3.17. We will improve access to postnatal physiotherapy to support women who need it to recover from birth. About one in three women will experience urinary incontinence after childbirth [85], one in ten faecal incontinence [86], and one in twelve pelvic organ proplapse. Physiotherapy is by far the most cost-effective intervention for preventing and treating mild to moderate incontinence and prolapse [87]. We will ensure that women have access to multidisciplinary pelvic health clinics and pathways across England via referral. Clinics can also provide training and support for local clinicians working with women, such as GPs and midwives.

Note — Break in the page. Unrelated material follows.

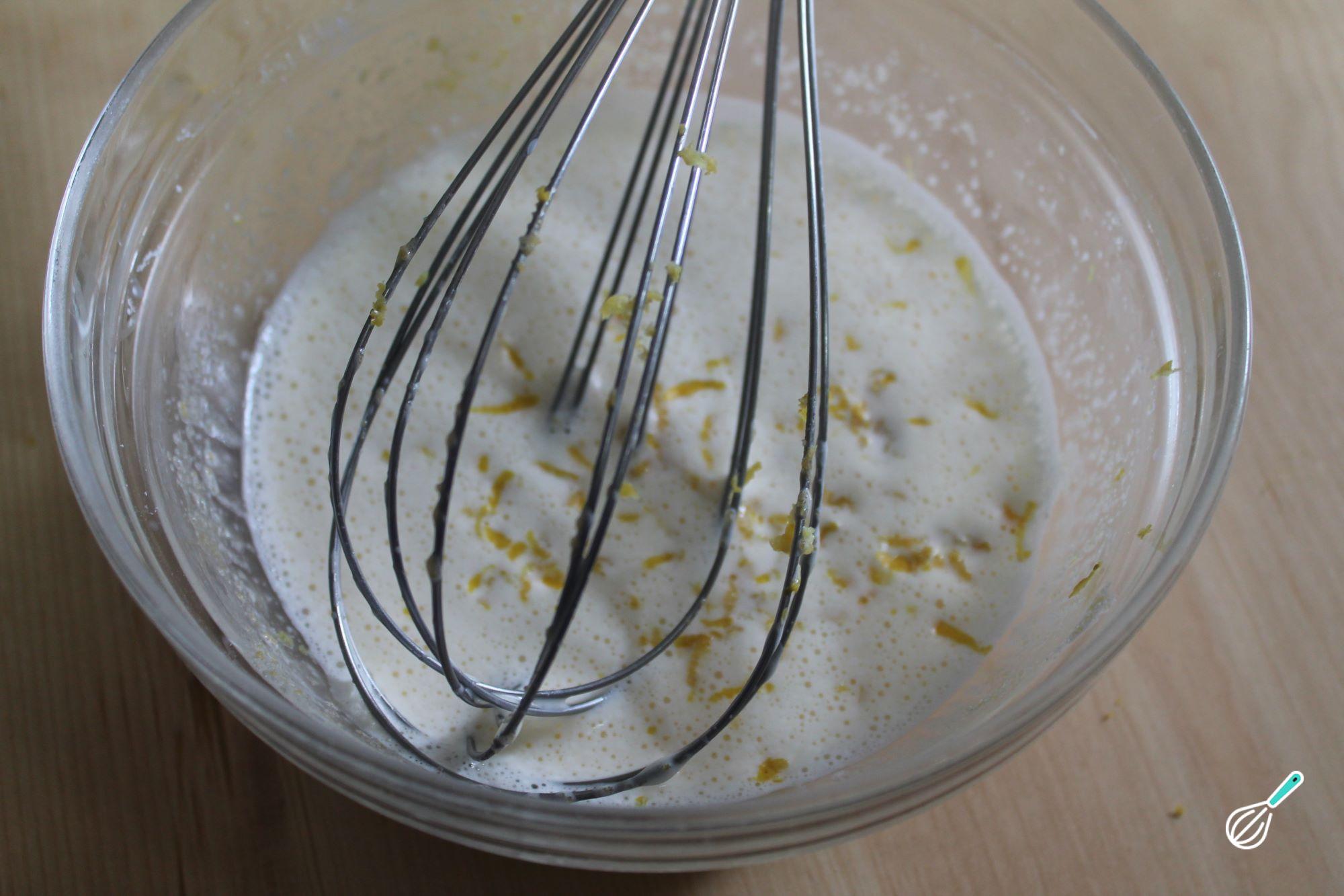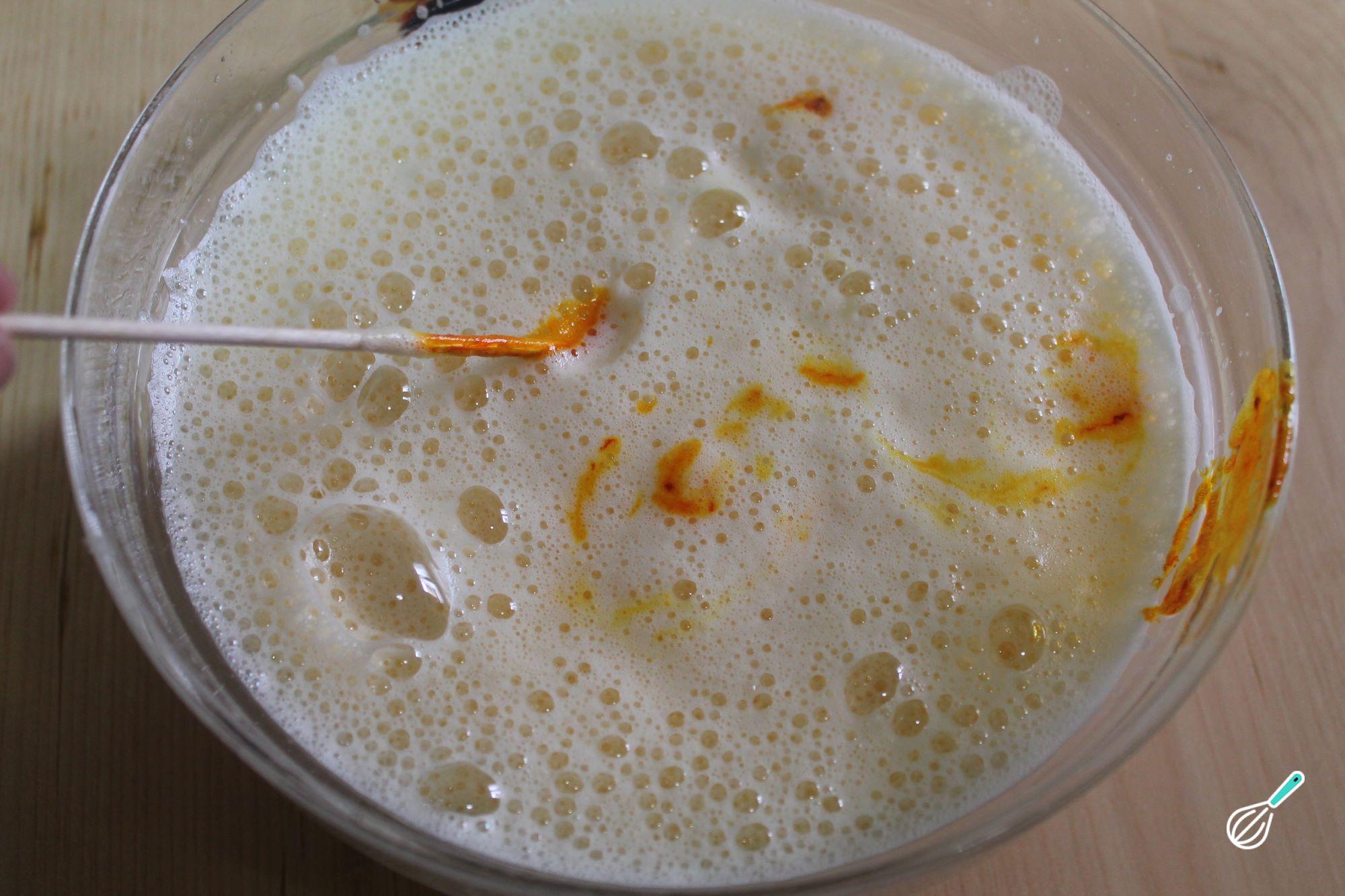 Adicione o corante amarelo e bata novamente para integrá-lo bem.

3.18. All maternity services that do not deliver an accredited, evidence-based infant feeding programme, such as the UNICEF Baby Friendly Initiative, will begin the accreditation process in 2019/20. Only 57% of babies in England are currently born in an accredited ‘baby friendly’ environment. Our breastfeeding rates compare unfavourably with other countries in Europe [88]. There is substantial variation between parts of England, with 80% of children breastfed at 6-8 weeks in London compared to 32% in the North East [89].

3.19. We will redesign and expand neonatal critical care services to improve the safety and effectiveness of services and experience of families.  In particular, we will address the shortage of neonatal capacity through the introduction of more Neonatal Intensive Care Cots where the Neonatal Critical Care Review has identified under capacity. We will improve triage within expert maternity and neonatal centres so that the right level of care is available to babies as close to the family home as possible. This will improve survival, safety and the quality of outcomes for babies.

3.20. We will develop our expert neonatal nursing workforce. This will mean extra neonatal nurses and expanded roles for some allied health professionals to support neonatal nurses.

3.21. We will enhance the experience of families during the worrying period of neonatal critical care. From 2021/22, care coordinators will work with families within each of the clinical neonatal networks across England to support families to become more involved in the care of their baby and invest in improved parental accommodation.